▶ Goal of the exercise
Could you copy exactly the lines below from the one with "The weak scaling" to the one with "Lined with modest", inclusive, leaving out any pictures?

▶ Provided material
-----

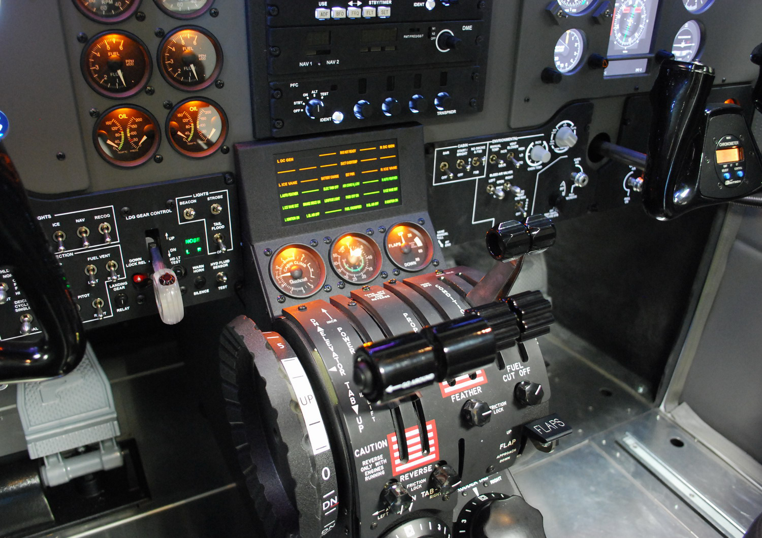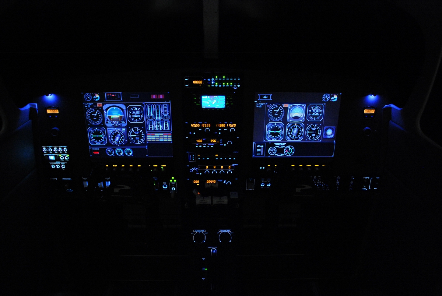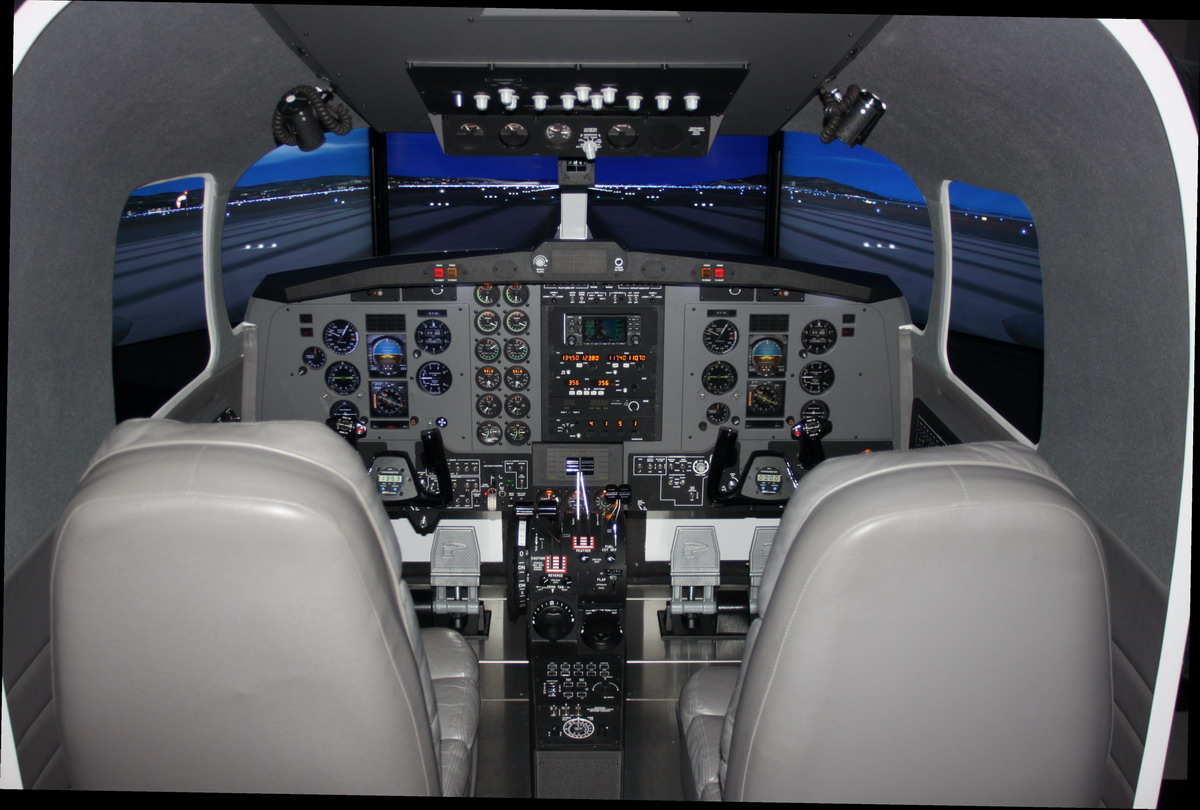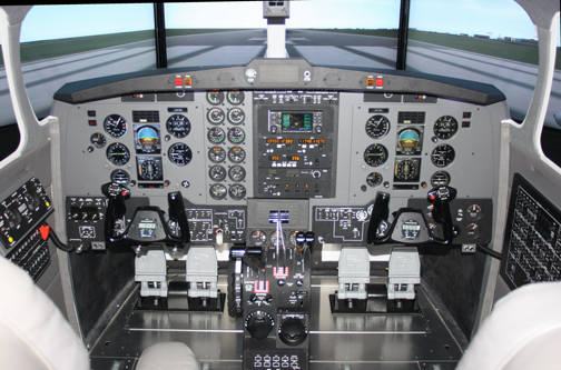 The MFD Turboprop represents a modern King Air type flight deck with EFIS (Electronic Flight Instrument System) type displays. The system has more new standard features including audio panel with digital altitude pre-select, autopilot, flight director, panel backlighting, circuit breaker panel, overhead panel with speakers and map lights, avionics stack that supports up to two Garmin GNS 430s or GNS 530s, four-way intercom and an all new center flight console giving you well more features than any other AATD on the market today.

-----

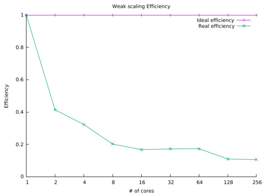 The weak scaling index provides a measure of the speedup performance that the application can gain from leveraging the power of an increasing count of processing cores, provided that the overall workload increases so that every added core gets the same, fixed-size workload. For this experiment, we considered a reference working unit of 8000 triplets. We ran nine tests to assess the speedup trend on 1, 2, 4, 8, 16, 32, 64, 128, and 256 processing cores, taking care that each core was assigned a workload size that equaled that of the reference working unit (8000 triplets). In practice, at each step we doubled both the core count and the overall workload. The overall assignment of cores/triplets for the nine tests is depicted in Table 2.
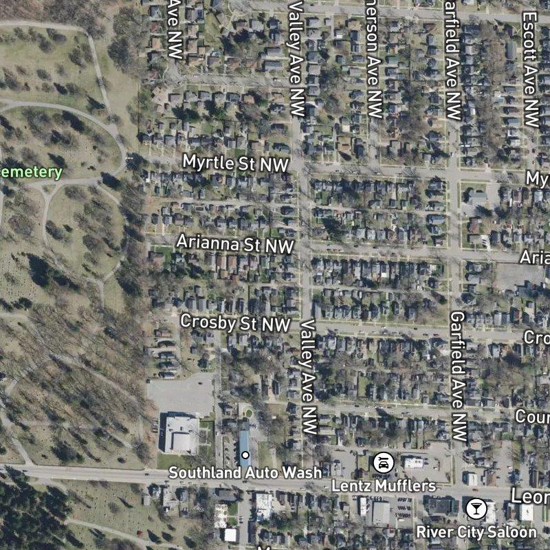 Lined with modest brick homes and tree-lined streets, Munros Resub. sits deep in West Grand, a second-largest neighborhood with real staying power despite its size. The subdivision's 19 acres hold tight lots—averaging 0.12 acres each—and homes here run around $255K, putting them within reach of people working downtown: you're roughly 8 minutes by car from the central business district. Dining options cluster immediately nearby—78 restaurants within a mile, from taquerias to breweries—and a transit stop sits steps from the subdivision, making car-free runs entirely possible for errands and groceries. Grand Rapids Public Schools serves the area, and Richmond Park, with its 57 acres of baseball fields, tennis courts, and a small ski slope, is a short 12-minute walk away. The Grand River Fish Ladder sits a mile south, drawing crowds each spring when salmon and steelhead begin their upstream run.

-----

▶ Output for this exercise
 The weak scaling index provides a measure of the speedup performance that the application can gain from leveraging the power of an increasing count of processing cores, provided that the overall workload increases so that every added core gets the same, fixed-size workload. For this experiment, we considered a reference working unit of 8000 triplets. We ran nine tests to assess the speedup trend on 1, 2, 4, 8, 16, 32, 64, 128, and 256 processing cores, taking care that each core was assigned a workload size that equaled that of the reference working unit (8000 triplets). In practice, at each step we doubled both the core count and the overall workload. The overall assignment of cores/triplets for the nine tests is depicted in Table 2.
 Lined with modest brick homes and tree-lined streets, Munros Resub. sits deep in West Grand, a second-largest neighborhood with real staying power despite its size. The subdivision's 19 acres hold tight lots—averaging 0.12 acres each—and homes here run around $255K, putting them within reach of people working downtown: you're roughly 8 minutes by car from the central business district. Dining options cluster immediately nearby—78 restaurants within a mile, from taquerias to breweries—and a transit stop sits steps from the subdivision, making car-free runs entirely possible for errands and groceries. Grand Rapids Public Schools serves the area, and Richmond Park, with its 57 acres of baseball fields, tennis courts, and a small ski slope, is a short 12-minute walk away. The Grand River Fish Ladder sits a mile south, drawing crowds each spring when salmon and steelhead begin their upstream run.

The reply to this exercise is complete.